Limitations of the study
This study provides a novel solution for the fast and accurate segmentation and analysis of dynamic fluorescence cellular signals. However, the proposed software requires newer GPUs to function properly and run at the intended speed, and many newer GPUs can be costly, which might limit the software’s accessibility. This limitation is not specific to 4SM as most deep learning architectures rely on a GPU-based computation. The GPU requirement limits the use of the software in commonly used image analysis software tools such as Image J. Despite these limitations, 4SM software can provide fast and accurate segmentation of cellular fluorescent signals to facilitate seamless signal analysis.
STAR★Methods
Key resources table
Resource availability
Lead contact
Further information should be directed to and will be fulfilled by the lead contact Dr. Sal Baker (sabubaker@med.unr.edu).
Materials availability
Software code generated in this study have been deposited to Github: https://github.com/SharifAmit/4SM/tree/main and https://doi.org/10.2139/ssrn.4016761.All data are available in the main text.
Method details
Tissue preparation
Colonic, antral and small intestinal tissues were removed from animals and small segments (2 cm in length) were incubated in Krebs-Ringer bicarbonate solution (KRB) as previously described (Baker et al., 2016). Tissues were cut along the mesenteric region and contents were removed. The mucosa and submucosal layers were removed and the remaining tunica muscularis was placed into a 60 mm Sylgard coated dish and pinned flat.
Ca2+ imaging
Muscle sheets isolated from the colon, stomach, and jejunum (∼5.0 × 10.0 mm) were pinned down and perfused with 37°C KRB solution. Tissues were equilibration for a period of 1 h. As previously described (Baker et al., 2018); We used a spinning-disk confocal microscope (CSU-W1 spinning disk; Yokogawa Electric Corporation) for all Ca2+ imaging experiments. The confocal head is connected to Nikon Eclipse FN1 microscope equipped with a 20 × 0.5 NA, 40 × 0.8 NA, and 60 × 1.0 NA CFI Fluor lens (Nikon instruments INC, NY, USA). Laser at 488 nm wavelength were directed using a Borealis system (ANDOR Technology, Belfast, UK).

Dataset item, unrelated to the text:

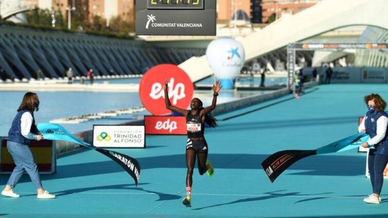 In the same competition in Valencia, Ethiopian 1500 meters star and record holder Genzebe Dibaba ran 65:18 to win her half-marathon debut.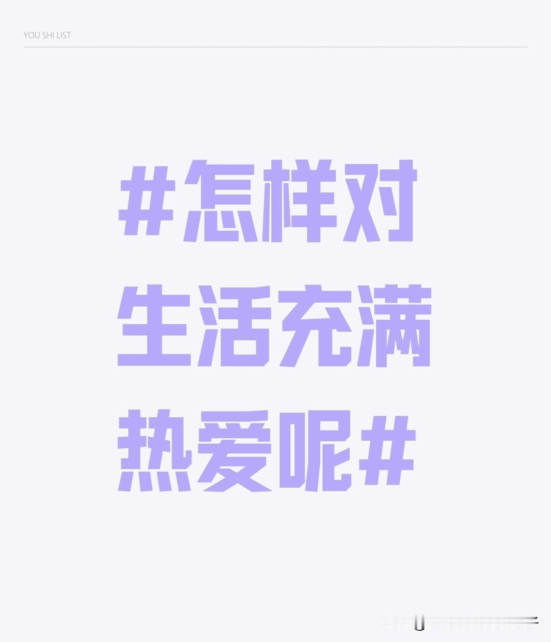 想对生活充满热爱,其实不难。生活的美好藏在日常点滴里。晨起别匆忙,伸个懒腰,拉开窗帘让阳光进来,再喝杯温水唤醒身体。 三餐也别敷衍,早餐热牛奶配水煮蛋,午餐荤素搭配好好品尝,晚餐清淡些。偶尔给自己煮个汤、烤块蛋糕,感受烟火气里的幸福。 平时给自己定小目标,完成后成就感满满。学会感恩,留意身边让自己感动的小事。遇到困难想想自己挺过的那些坎儿。做自己喜欢的事,别太在意外界看法。多和正能量的人相处,心情好了,自然就热爱生活啦。

EMCCD Camera (Andor iXon Ultra; ANDOR Technology, Belfast, UK) was used to capture the GCaMP6f emission. Images were acquired at 33 frames per second using MetaMorph software (Molecular Devices INC, CA, USA). Nicardipine (100 nM) was used during the imaging experiments to minimize contractile artifacts.
Ca2+ event analysis
Analysis and quantifications of Ca2+ activity in ICC was performed as previously described (Baker et al., 2016, 2021b). Briefly, movies of Ca2+ activity in ICC (30 s long) were converted to a stack of TIFF (tagged image file format) images and imported into Fiji (version 2.0.0-rc-69/1.52, National Institutes of Health, MD, USA, https://fiji.sc/) for analysis. Whole cell ROIs were used to generate spatiotemporal maps (STMaps) of Ca2+ activity in individual ICC. STMaps allow for a more complete representation of individual cell Ca2+ signals through a 2D image that describes both space of a cell (x axis) and time (y axis) or visa versa. STMaps are a result of spatiotemporal reslicing of an X-Z section in a movie or image stack, where Z is time (Figure 1B). The space of a cell (x axis) is generated in the STMap as result of pixel line or via line-scan average analysis and the pixel values are plotted in time. Each horizontal unit (cell space) in the STMaps represent a pixel or average of pixels in the original image. The coded pixels from each frame of the movie were used to construct a single row and sequential rows were placed under each other to produce an STMap. STMaps presented in the results were generated by rotating image stacks so that ICC were oriented either horizontally or vertically and STMaps of Ca2+−induced fluorescence changes averaged across the diameter of the cell and were constructed using the reslice and z project functions. Ca2+ maps area overlap percentages were calculated using Fiji and Pearson’s coefficient between original STMaps and segmented 4SM STMaps were obtained using the Just Another colocalization plugin (JACoP; https://imagej.nih.gov/ij/plugins/track/jacop2.html).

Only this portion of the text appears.